И сразу все настроение испортил:

"Узнают, да еще арестуют!"

Я промолчал – и решил удрать дорогой, поближе к Москве, и пристроиться где-нибудь в театре.

Так и решил, а вышло иначе. И хорошо вышло, как уж я после увидел.

На турьей охоте с нами был горец, который обратил мое внимание: ну совсем Аммалат-бек из романа Марлинского или лермонтовский Казбич. Или, скорее, смесь того и другого. Видно только, что среди горцев он особа важная – стрелок и джигит удивительный, шашка, кинжал и газыри в золоте. На тамаши в глухом горном ауле, где была нам устроена охота, горцы на него смотрели с каким-то обожанием, держались почтительно и сами не начинали разговоров, и он больше молчал.

А разговорился он со мной. Оказывается, почти один из окружающих, он немного владел русским языком. Его заинтересовали некоторые мои цирковые штуки, и хотя он почти не задавал вопросов, но чувствовалось, что это горская гордость не позволяет ему проявлять любопытство. И я рассказал ему, что я актер, служил в цирке, охотник с детства и нехотя оставляю Кавказ, да кстати у меня и паспорта нет. Разоткровенничался.

Видимо, я его заинтересовал и понравился ему, потому что в заключение он сказал:

– Ты мэнэ кунак – я тэбэ кунак! Моя – твоя, твоя – моя!

И запили слова наши бузой.

* * *

Утром мы выехали чуть свет. Моего кунака уже не было, и на вопрос мой, где он, я получил в ответ одно слово: "Ушля".
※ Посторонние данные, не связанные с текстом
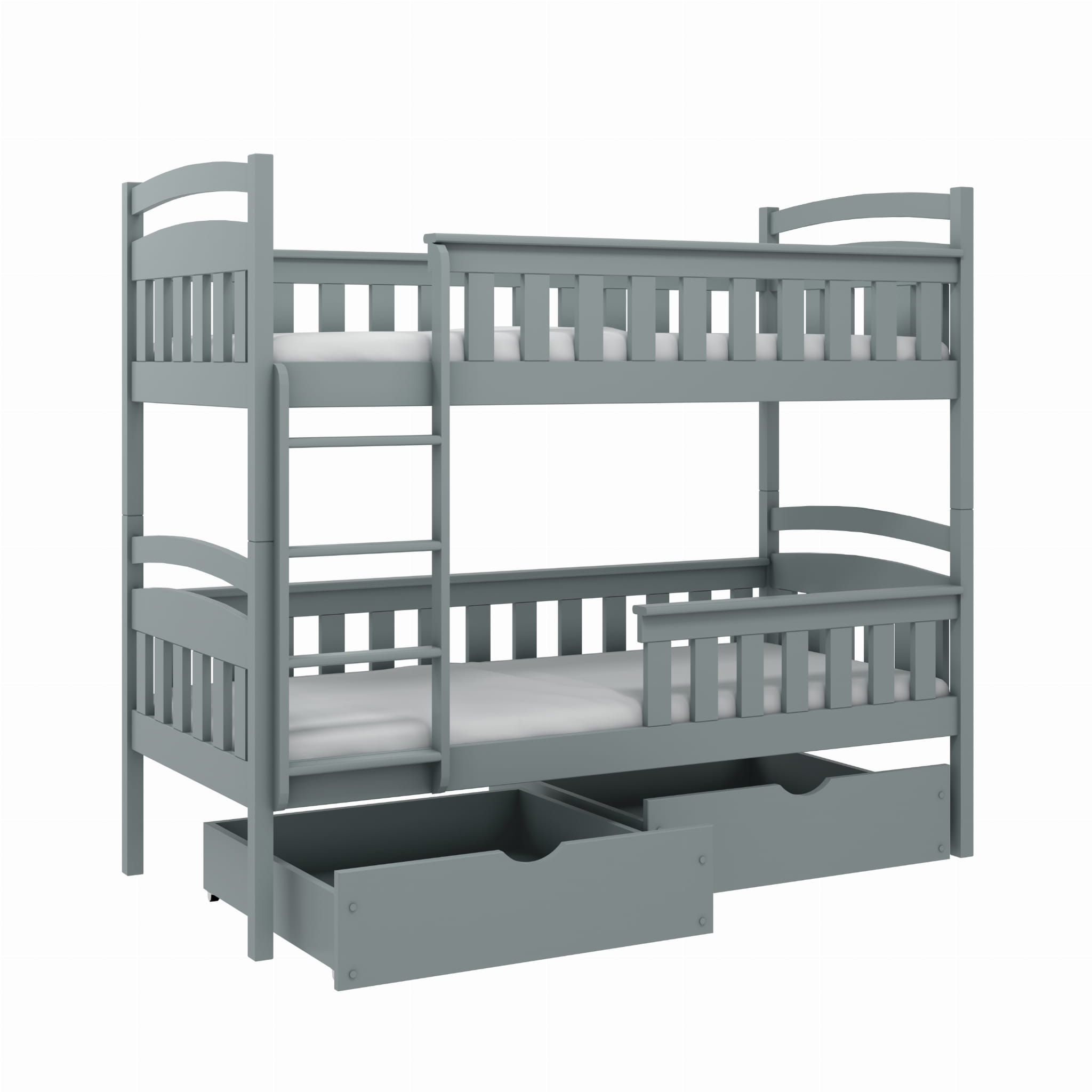 Das Etagenbett Rio ist ein Möbel für 2 Benutzer. Es kann eine perfekte Alternative für ein niedriges Etagenbett sein. Das Etagenbett ist ein Möbel für die Geschwister. Die Etagenbetten eignet sich besonders für kleinere Räume, da die so viel Platz wie ein Einzelbett nehmen. Das Modell Rio ist 160 cm hoch. Der Abstand zwischen den Betten beträgt sogar 68 cm. Die obere Matratze ist  115 cm und die untere 35 cm hoch. Sowohl die obere als auch die untere Etage werden zusätzlich durch Barrieren abgeschirmt, was das Entgleiten verhindert. Das ganze Modell wurde sorgfältig aus den soliden Kieferholzbrettern angefertigt. Die ganze Konstruktion wird durch Quadratbeine unterstützt, die das Möbel zusätzlich stabil machen. Das Bett ist in vielen attraktiven Farben erhältlich, die an die beliebige Gestaltung des Kinderzimmers angepasst werden kann. Das Modell Rio ist in unterschiedlicher Größe bis zu 90 x 200 cm erhältlich. Unten befinden sich zwei tiefe Schubladen, die das Bettzeug aufbewahren können. Das Bett eignet sich für die selbstständige Montage.

И больше ничего не мог добиться.

Через два дня, рано утром, проснувшись в Пятигорске, в гостинице, я увидал на стене объявление, что драматической труппой Максимова-Христича открываются спектакли. И ожил сразу. За чаем я сказал Бокову, что я останусь на несколько спектаклей, а через две недели приеду к нему на зимовник, на чем мы и порешили. В девять часов со случайным попутчиком, офицером, окончившим лечение, Боков поехал в Россию. Я решил проводить друга, а потом идти на Машук, побывать на могиле Лермонтова, моего самого любимого поэта в гимназии, а затем отправиться к Максимову-Христичу.

Прощаясь еще в номере, Боков взял слово, что если не выйдет с театром, – ехать к нему.